* _PROBLEM DETAILS_
A word-for-word copy of the listing is what's needed; leave out every image.

==== SOURCE DATA ====

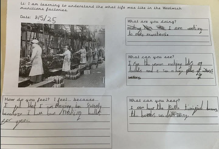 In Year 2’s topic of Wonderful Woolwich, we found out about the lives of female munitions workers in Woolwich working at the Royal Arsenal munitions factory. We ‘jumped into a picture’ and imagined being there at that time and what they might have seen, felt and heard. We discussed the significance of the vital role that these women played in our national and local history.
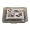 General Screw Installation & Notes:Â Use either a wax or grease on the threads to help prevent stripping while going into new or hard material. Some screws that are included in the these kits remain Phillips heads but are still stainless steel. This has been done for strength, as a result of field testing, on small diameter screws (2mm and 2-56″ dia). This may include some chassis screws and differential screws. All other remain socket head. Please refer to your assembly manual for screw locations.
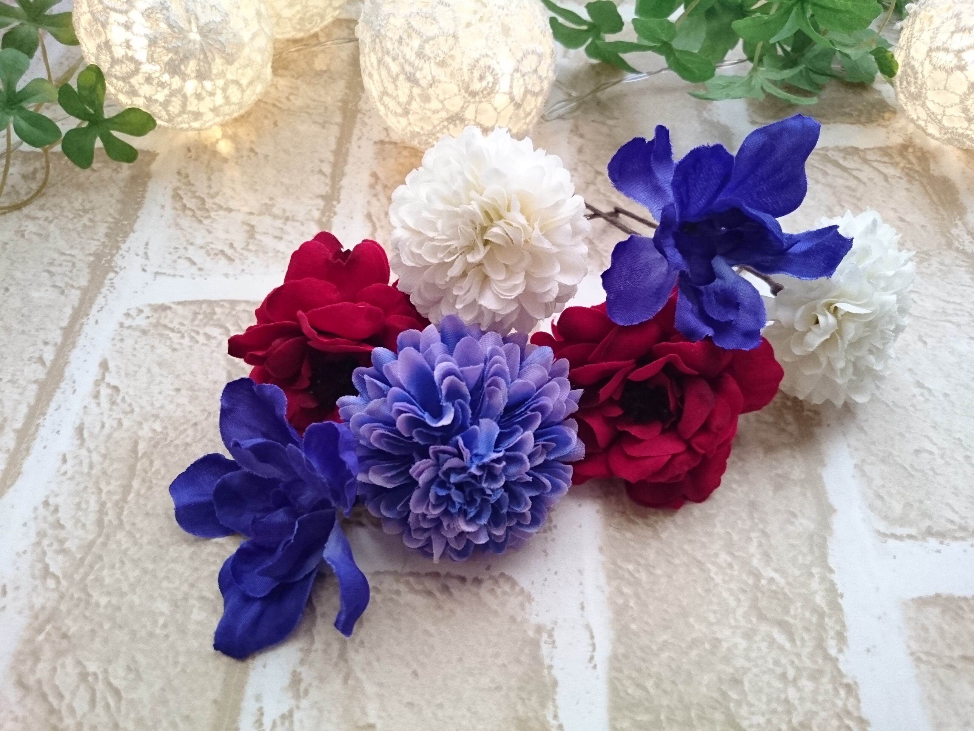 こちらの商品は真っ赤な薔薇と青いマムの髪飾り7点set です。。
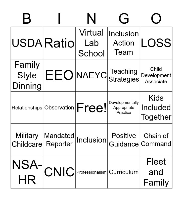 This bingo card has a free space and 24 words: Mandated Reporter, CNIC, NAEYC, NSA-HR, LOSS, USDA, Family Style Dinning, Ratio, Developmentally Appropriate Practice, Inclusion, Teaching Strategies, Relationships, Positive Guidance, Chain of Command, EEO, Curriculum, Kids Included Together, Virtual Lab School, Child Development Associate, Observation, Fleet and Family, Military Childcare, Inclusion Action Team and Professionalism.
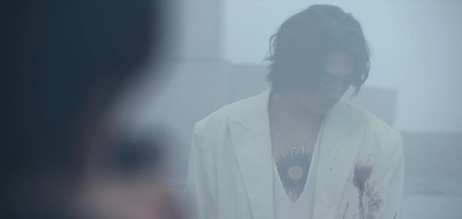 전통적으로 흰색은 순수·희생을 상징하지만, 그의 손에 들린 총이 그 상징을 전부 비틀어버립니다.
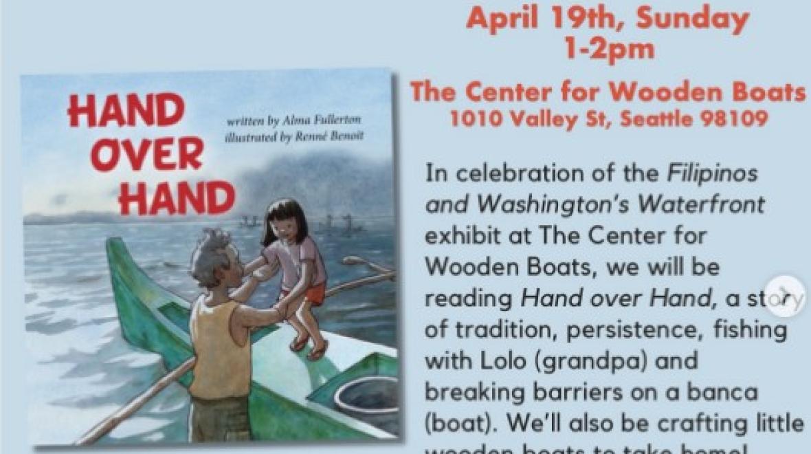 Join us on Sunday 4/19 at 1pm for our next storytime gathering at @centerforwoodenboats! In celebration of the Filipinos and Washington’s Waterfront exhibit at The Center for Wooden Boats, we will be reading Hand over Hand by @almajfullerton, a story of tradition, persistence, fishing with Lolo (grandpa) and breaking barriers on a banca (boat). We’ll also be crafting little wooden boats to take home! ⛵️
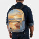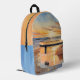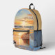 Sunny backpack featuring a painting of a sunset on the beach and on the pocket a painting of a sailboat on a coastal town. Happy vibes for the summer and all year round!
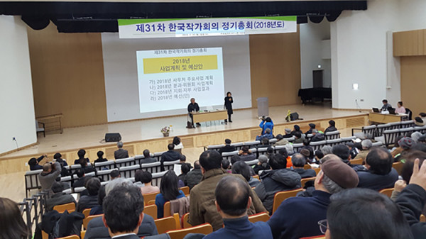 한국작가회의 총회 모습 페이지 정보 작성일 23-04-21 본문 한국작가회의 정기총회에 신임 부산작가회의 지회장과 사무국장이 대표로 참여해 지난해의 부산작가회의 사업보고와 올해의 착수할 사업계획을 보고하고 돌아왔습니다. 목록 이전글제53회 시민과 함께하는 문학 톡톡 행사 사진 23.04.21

====

* _TASK RESPONSE_
 In Year 2’s topic of Wonderful Woolwich, we found out about the lives of female munitions workers in Woolwich working at the Royal Arsenal munitions factory. We ‘jumped into a picture’ and imagined being there at that time and what they might have seen, felt and heard. We discussed the significance of the vital role that these women played in our national and local history.
 General Screw Installation & Notes:Â Use either a wax or grease on the threads to help prevent stripping while going into new or hard material. Some screws that are included in the these kits remain Phillips heads but are still stainless steel. This has been done for strength, as a result of field testing, on small diameter screws (2mm and 2-56″ dia). This may include some chassis screws and differential screws. All other remain socket head. Please refer to your assembly manual for screw locations.
 こちらの商品は真っ赤な薔薇と青いマムの髪飾り7点set です。。
 This bingo card has a free space and 24 words: Mandated Reporter, CNIC, NAEYC, NSA-HR, LOSS, USDA, Family Style Dinning, Ratio, Developmentally Appropriate Practice, Inclusion, Teaching Strategies, Relationships, Positive Guidance, Chain of Command, EEO, Curriculum, Kids Included Together, Virtual Lab School, Child Development Associate, Observation, Fleet and Family, Military Childcare, Inclusion Action Team and Professionalism.
 전통적으로 흰색은 순수·희생을 상징하지만, 그의 손에 들린 총이 그 상징을 전부 비틀어버립니다.
 Join us on Sunday 4/19 at 1pm for our next storytime gathering at @centerforwoodenboats! In celebration of the Filipinos and Washington’s Waterfront exhibit at The Center for Wooden Boats, we will be reading Hand over Hand by @almajfullerton, a story of tradition, persistence, fishing with Lolo (grandpa) and breaking barriers on a banca (boat). We’ll also be crafting little wooden boats to take home! ⛵️
 Sunny backpack featuring a painting of a sunset on the beach and on the pocket a painting of a sailboat on a coastal town. Happy vibes for the summer and all year round!
 한국작가회의 총회 모습 페이지 정보 작성일 23-04-21 본문 한국작가회의 정기총회에 신임 부산작가회의 지회장과 사무국장이 대표로 참여해 지난해의 부산작가회의 사업보고와 올해의 착수할 사업계획을 보고하고 돌아왔습니다. 목록 이전글제53회 시민과 함께하는 문학 톡톡 행사 사진 23.04.21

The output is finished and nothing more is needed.